Records contained in a dataset:
————

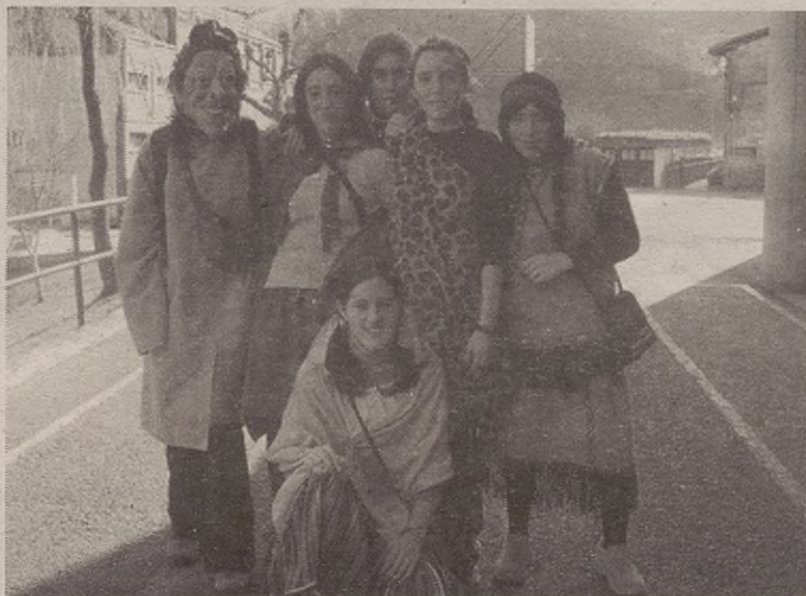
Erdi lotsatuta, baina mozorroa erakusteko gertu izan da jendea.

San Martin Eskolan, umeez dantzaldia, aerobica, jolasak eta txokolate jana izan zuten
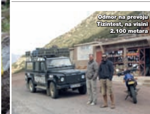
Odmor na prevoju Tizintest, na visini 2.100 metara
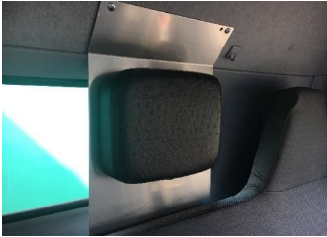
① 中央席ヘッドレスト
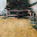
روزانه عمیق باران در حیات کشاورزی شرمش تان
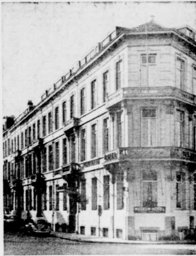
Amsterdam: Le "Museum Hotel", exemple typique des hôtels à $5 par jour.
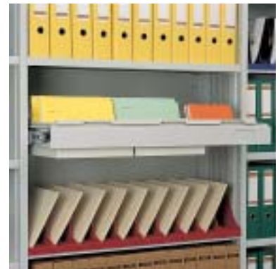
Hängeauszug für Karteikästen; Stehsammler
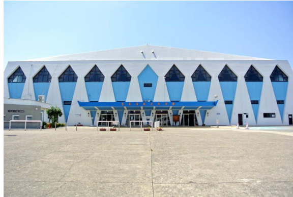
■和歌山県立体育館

————

_Your objective_:
Each line from the one containing "① 中央席ヘッドレスト" through the final line of the data must be reproduced exactly, both ends included, with no pictures in the copy.

_Response to the exercise_:
① 中央席ヘッドレスト
روزانه عمیق باران در حیات کشاورزی شرمش تان
Amsterdam: Le "Museum Hotel", exemple typique des hôtels à $5 par jour.
Hängeauszug für Karteikästen; Stehsammler
■和歌山県立体育館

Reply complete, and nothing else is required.